Where's your mobile phone? My mobile phone's in my shorts.
I can give it to you. Give me your mobile phone.
Where is your mobile phone? It's there.
Thank you. Bro, I actually need to edit videos today.
I need to sort some shit out.
Don't actually dare.
Aren't you all the symptoms for two and a half hours?
Yes. At least take an hour off.
No. What?
Why does... So I'm actually in jail?
Okay. Take this off.
Hands down and just give you a quick search.
There's nothing on me. There's nothing on me.
There's nothing else that can hurt you with.
Nothing to harm us now.
Turn around.
Okay.
Fine.
I'm going to just sit down.
I've got a jail cigarette.
I mean, at least I've got a jail cigarette.
But I don't think they've left me a lighter.
I need a lighter! Look, cameraman, the least you could do is go and ask your honour if I can have a lighter for a jail cigarette.
That's a human right.
That sounds like a you problem, not a me problem.
Come back bro.
Bro, come back!
Bye!
Who's that?
Who?
Hey.
How's your time in jail?
Pretty shit. It's hot.
There's no aircon. I've got cigarettes.
And do you know what? I found supplies.
I didn't know they left them in there for me.
So look. I have...
You left the cell door open.
Shit! You can escape!
They've got the security guards.
They've told the security guards if I escape to throw me back in.
So look, we've got some plates, cups, noodles.
I found some water. So my time has actually been quite resourceful.
But however, this has been one big pain in the fucking ass.
And I know it's only been three hours.
But you know, I had shit to do.
All I did was leave the door open.
Why am I incarcerated, bro?
Don't ask me. I'm a neutral party in this.
And I don't know if you've noticed. Are you trying to also get me incarcerated?
That might be a thing. We have evidence now.
I'm the cameraman. I can delete it.
I don't know. But yeah, I tried to escape out the window.
Did you? Yeah, and I got told no.
To stop playing with the windows by the guards.
I feel like they're going to double your sentence at some point.
What, for trying to escape? Just for continuing to act up.
Didn't you hear this is a no-smoking-blow jail secret?
But they're clever, because these windows were never locked.
For some reason today, they're locked, bro.
So there was no escape.
And the guard's office is just outside that door.

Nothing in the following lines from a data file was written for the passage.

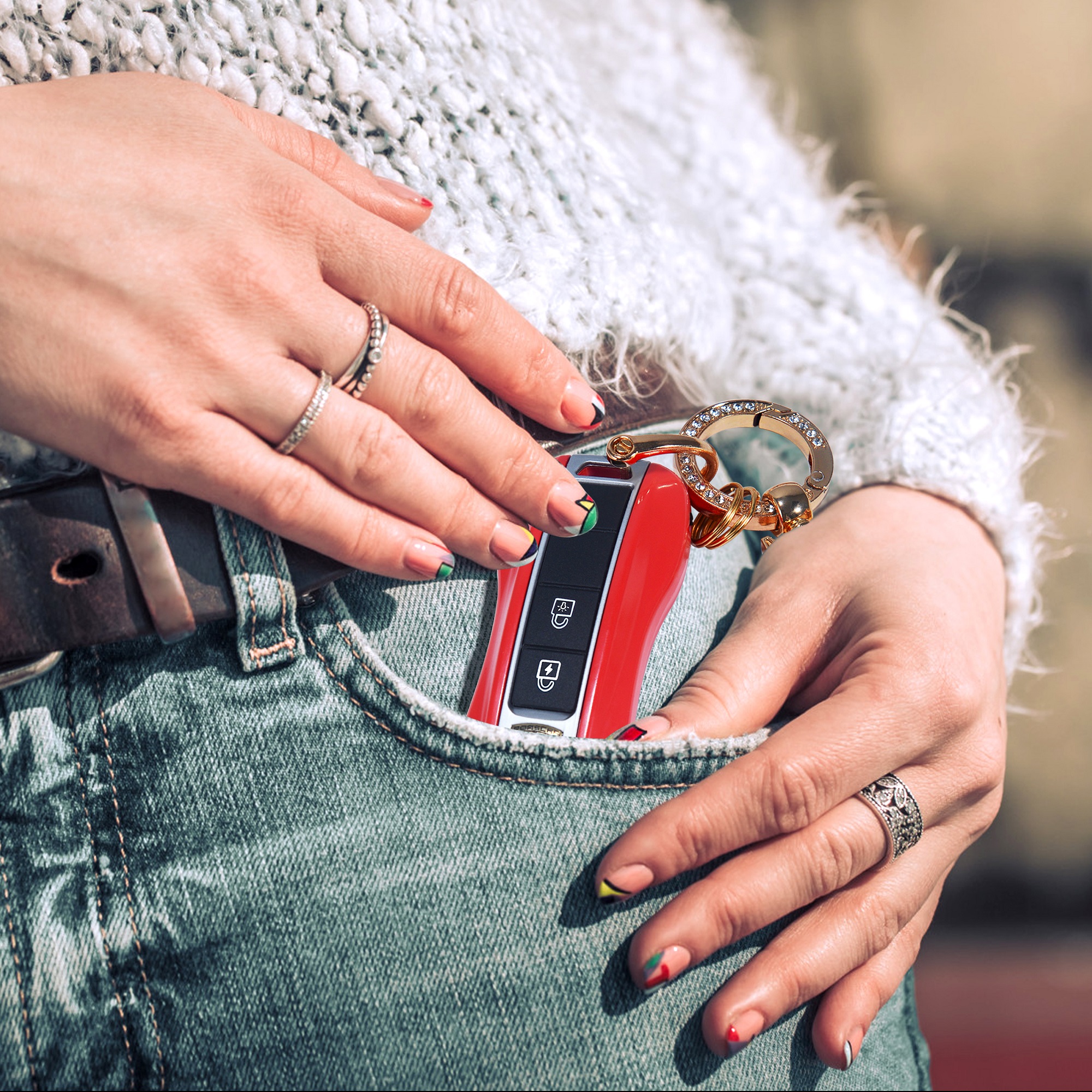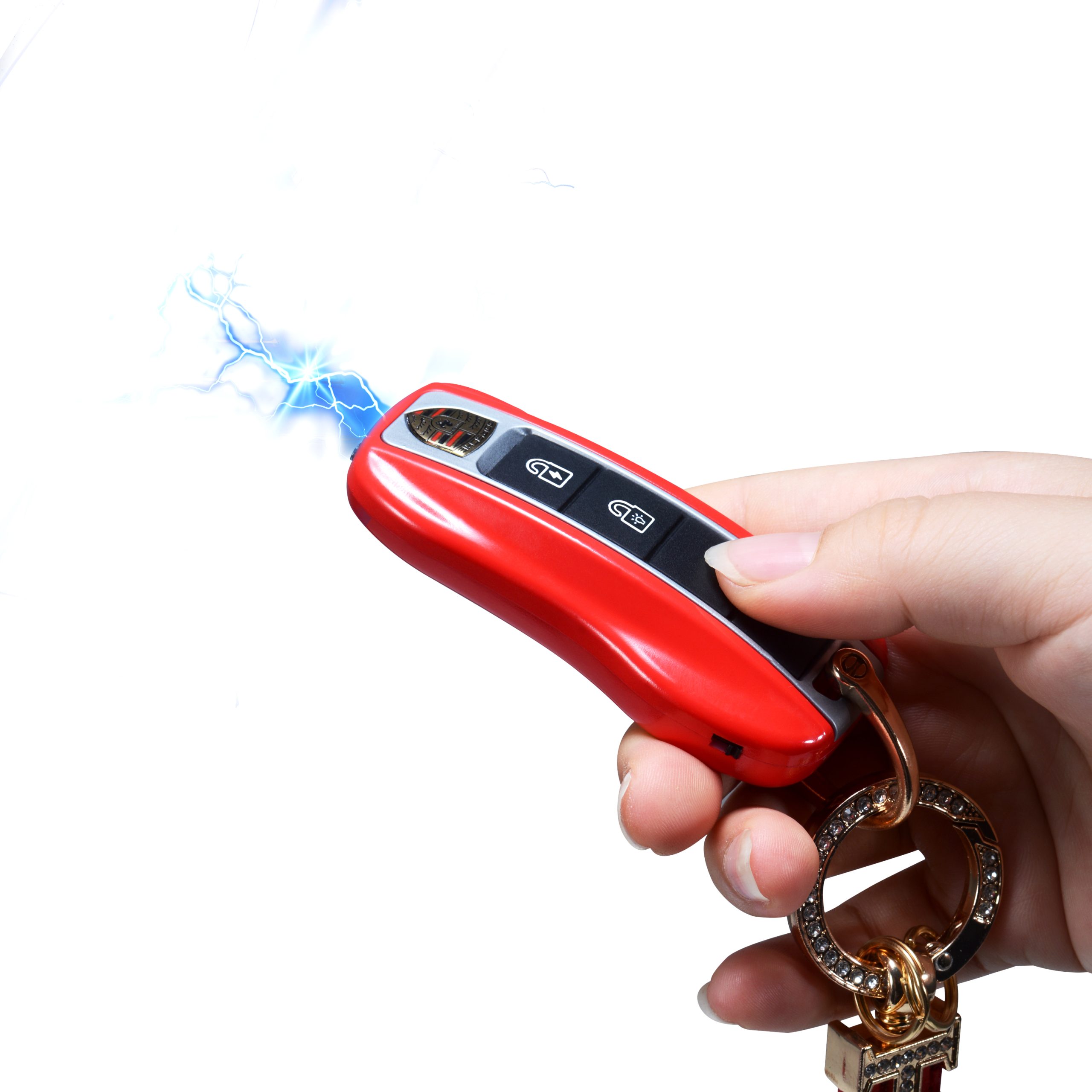 Mini Red Stun Gun with LED Flashlight and Wrist Strap, Porsche Car Key Stun Guns, Unique Key fob Design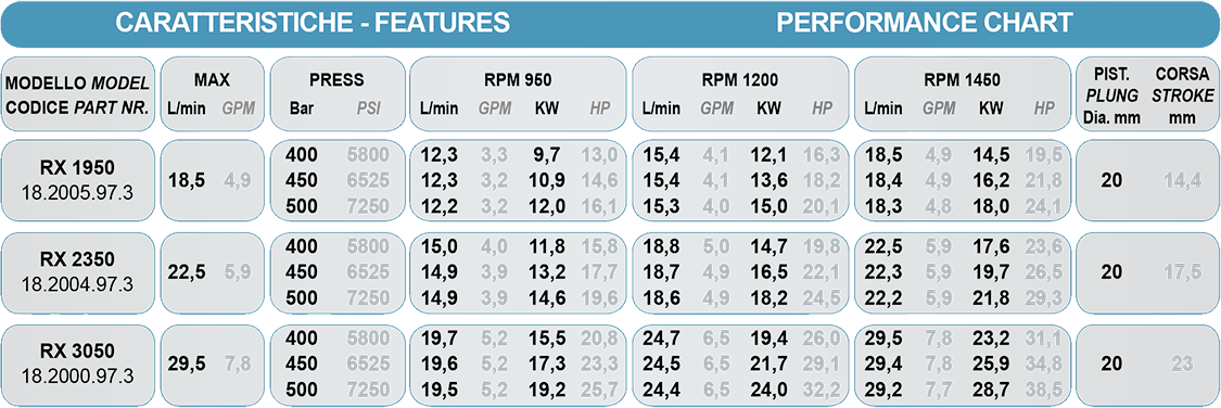 Трехплунжерный насос Bertolini RX 1950 имеет производительность 19 литров в минуту и максимальное давление в 500 бар. Это делает его идеальным выбором для задач, требующих высокой мощности и надежности.
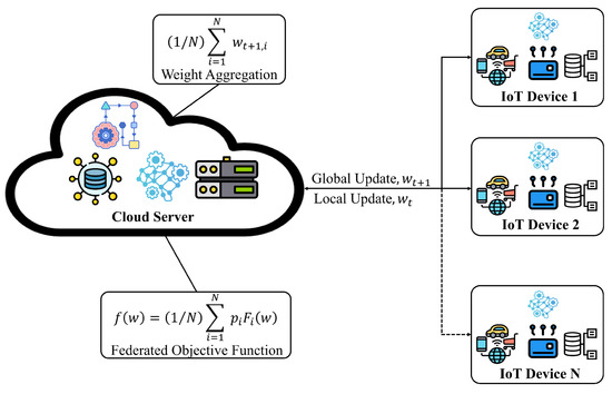 The Internet of Things (IoT) is revolutionizing various sectors by enabling massive data sharing and robust decision-making through connected devices. As a result, IoT scenarios are anticipated to generate large quantities of data in the near future [1]. To harness the potential of these data, researchers are investigating the feasibility of storing and processing them in cloud-based environments using advanced artificial intelligence techniques, such as deep learning and machine learning algorithms [2]. However, cloud-based data processing raises concerns about privacy and communication costs, which could potentially limit the benefits of such solutions [3]. Furthermore, IoT systems demand distributed intelligent services that can adapt to dynamic environments in real time, posing challenges due to the inherent complexity and heterogeneity of IoT devices. Researchers have proposed a multi-objective optimization technique using the Glowworm Swarm Optimization (GSO) algorithm and a hybrid optimization approach combining the artificial bee colony method, genetic operators, and density correlation degree to enhance the performance of blockchain-based Industrial Internet of Things (IIoT) systems [4,5]. Federated learning (FL), a distributed machine learning framework that ensures privacy, reduces data transfer, and solves device heterogeneity while allowing real-time adaptation to various contexts, has thus emerged as a solution to these problems [6].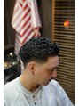 テーパーフェードに強めのパーマをかけるスタイルになってます!テーパーフェードはローフェードよりも低いフェードになってましてもみあげ、襟のみグラデーションを入れるフェードスタイルになっております!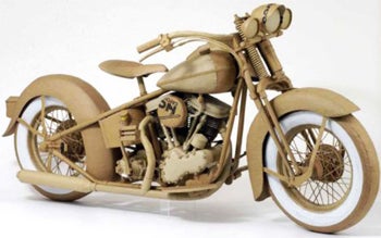 Forts, dollhouses, or makeshift tables are the creations that I used to construct out of used cardboard boxes. Sculptor Chris Gilmour is a bit more ambitious. He takes cardboard that is slated for the recycling center and uses it to make bikes, cars, and typewriters.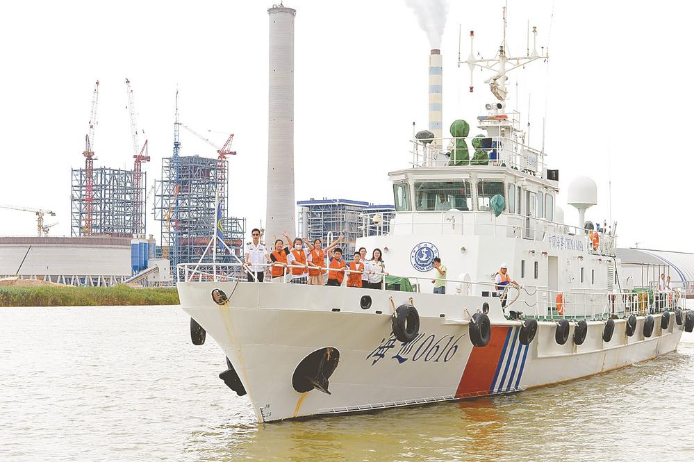 在海巡艇甲板上,盐城海事局指挥中心通航管理处的盛元东,深入浅出地向小记者讲解航海发展史和基础知识,用现场演示、你问我答等形式,讲解救生衣的使用方法及海上逃生注意事项,传授海上求生急救技能。还在甲板上现场发射船用橙色烟雾信号弹,让小记者们在耳濡目染中初步懂得如何进行自我防护,危险中如何求救,明白水上交通安全意识的重要性。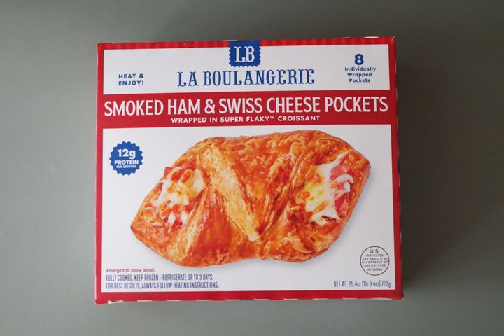 クロワッサン生地に、スモークハムとチーズをサンドしたパンを冷凍コーナーで発見。パッケージが可愛くて目を引きます。8個入りで個包装になっているので、冷凍庫にしまうときは箱を取って保存すると収納しやすくなります。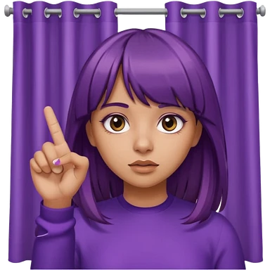 Tanned Girl with purple and brown hair straight hair with curtain bangs flipping bird finger with ball and rolling her eyes emoji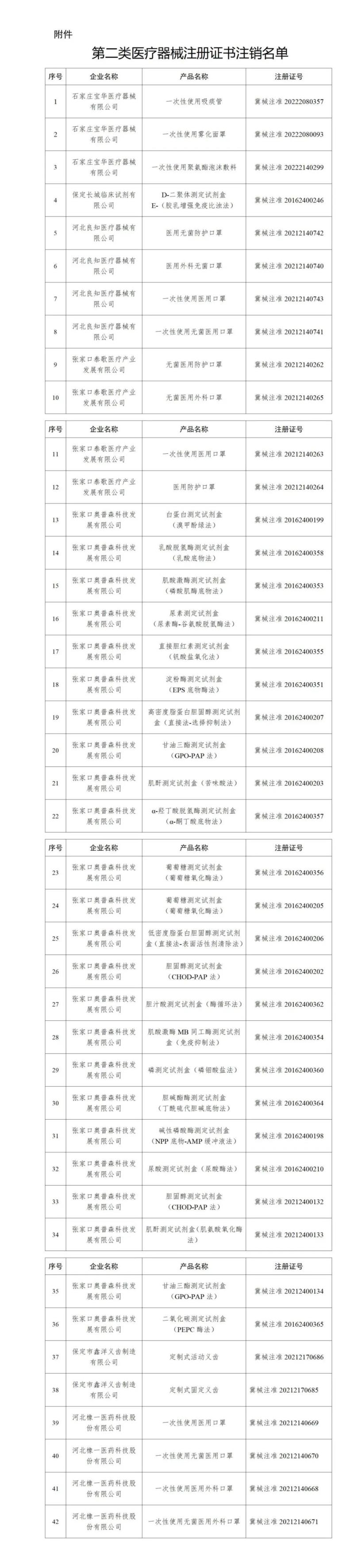 近日,河北省藥監(jiān)局發(fā)布公告稱(chēng),根據(jù)《中華人民共和國(guó)行政許可法》《醫(yī)療器械監(jiān)督管理?xiàng)l例》有關(guān)規(guī)定,依企業(yè)申請(qǐng),該局依法注銷(xiāo)了42個(gè)第二類(lèi)醫(yī)療器械注冊(cè)證書(shū),其中有12款產(chǎn)品為醫(yī)用口罩,還有一次性使用吸痰管、一次性使用霧化面罩、一次性使用聚氨酯泡沫敷料、定制式活動(dòng)義齒等,具體明細(xì)如下: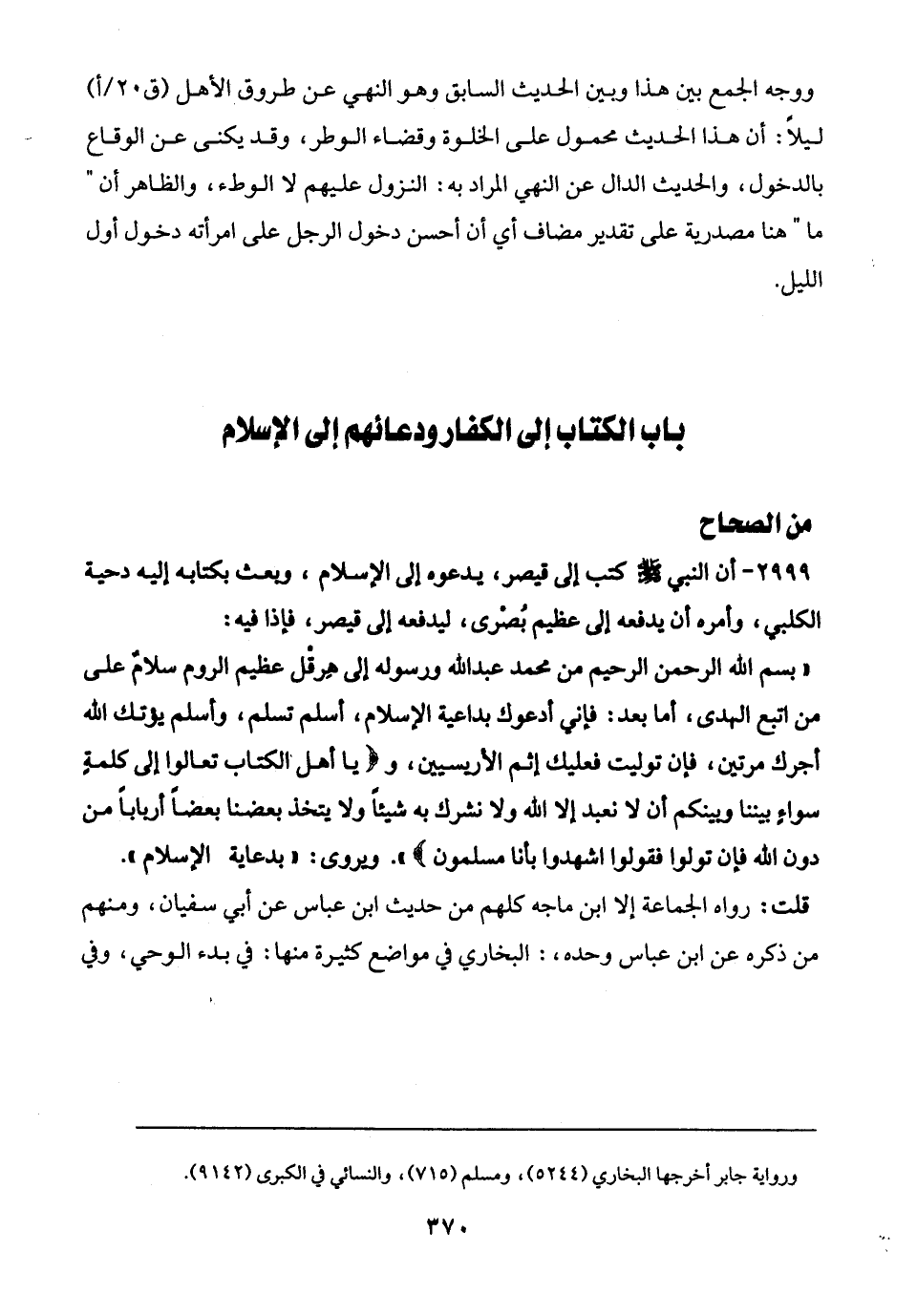 باب الكتاب إلى الكفار ودعائهم إلى الإسلام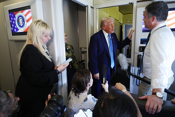 5月15日,結束對中東三國的訪問,特朗普在空軍一號上接受媒體採訪。 視覺中國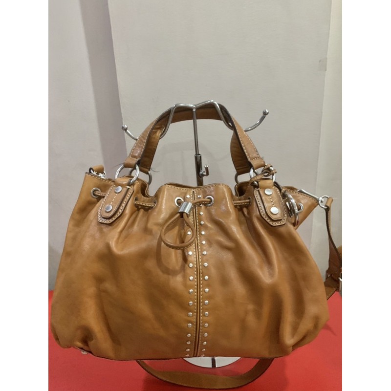 Love bags MK brown 2 way leather bag w silver studs Shopee Philippines Very well made.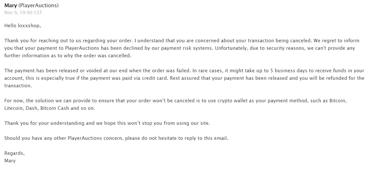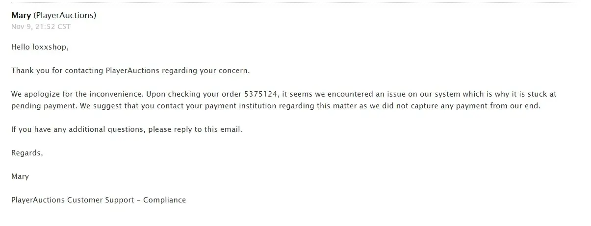 I've submitted a support ticket to PlayerAuctions on October 31st and have yet to hear anything back from them.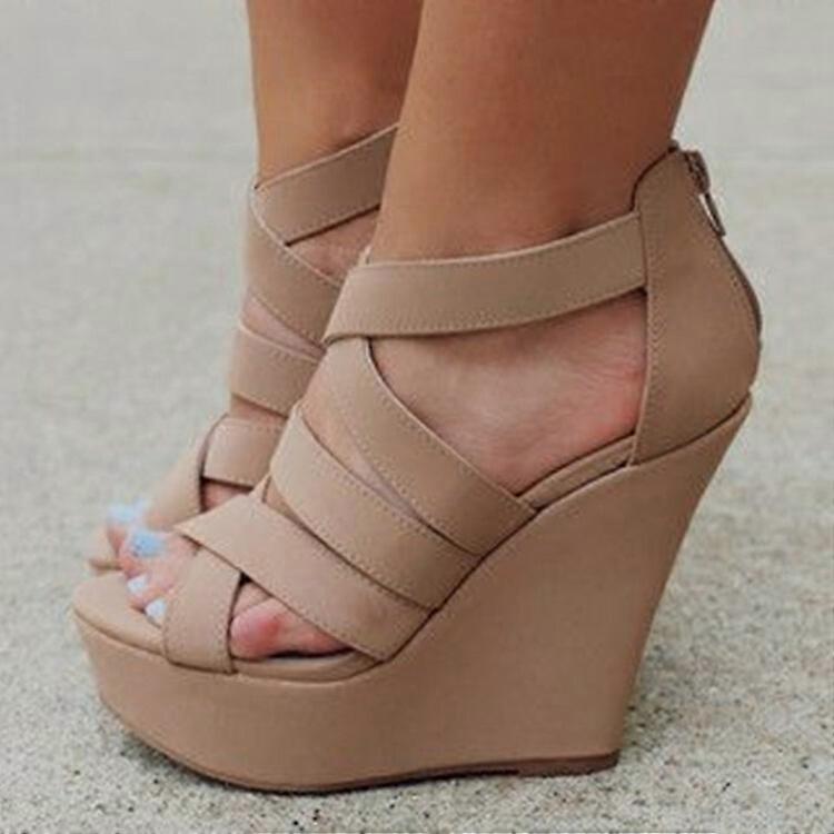 New Fashion Women Sandals Platform Wedge Straps Brown Shoes Woman Plus Size 5-20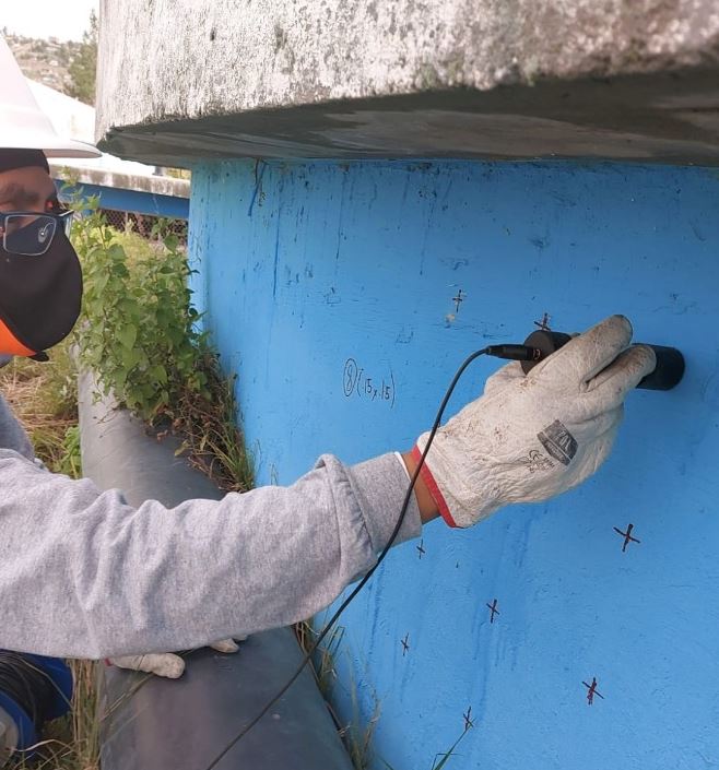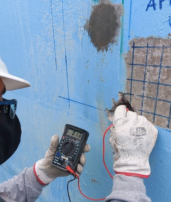 El proceso de corrosión del acero del concreto puede ser monitoreado con la medición del potencial eléctrico mediante el procedimiento conforme a ASTM C876 Método de Prueba Estándar para Medición del Potencial de Celda Media del Acero de Refuerzo en el Concreto.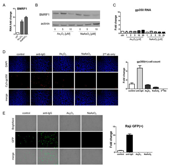 Although EBV Zta RNA and protein expression were induced by arsenic treatment, the effects on BMRF1, a delayed early gene, were quite different. RNA levels increased (Figure 5A) whereas protein levels decreased (Figure 5B). RNA and protein levels (as judged by immunofluorescence) of the late lytic gene gp350 did not increase following arsenic treatment (Figure 5C,D). To further evaluate the impact of arsenicals on lytic infection, we assessed virion production. For this purpose, we relied on the Raji infection assay [24,25]. In this assay, virions from BX1-Akata cells that infect Raji cells lead to the induction of the GFP expression in Raji cells. Lytic induction of BX1-Akata cells with anti-IgG yielded a supernatant that induced GFP expression in Raji cells and served as a positive control as can be seen in Figure 5E. In contrast, the supernatant from arsenical-treated BX1-Akata cells yielded no GFP signal. Thus following arsenic treatment, the immediate early Zta RNA and protein were expressed and the delayed early BMRF1 RNA was induced, but the BMRF1 protein was not detected. The late gp350 RNA was not induced and the protein was not detected and was consistent with a block in delayed early and late gene expression; virion production was inhibited (relative to baseline).

So there's no point in trying to run because he's already said, if you try to run, I get you.
And he's fucking huge, bro.
So I'm not going to try my luck.
How much time do you have left? An hour.
I think an hour. What are you going to do?
I don't know. You tell me how much time I've got left.
I don't know. This seems like forever.
No phone? No phone, no laptop.
They took all my electronics off me.
So you just have to sit here in pure silence, smoking, chain-smoking cigarettes.
What else am I about to do, bro?
I've got water, cigarettes, I've got a mattress, I've got a pillow.
It's not really a long sentence, but I'm hoping someone gets a longer sentence because I feel like justice has been unfair on me.
Do you need me to break you out? Bro, if you break me out, you're going to get a longer sentence than me.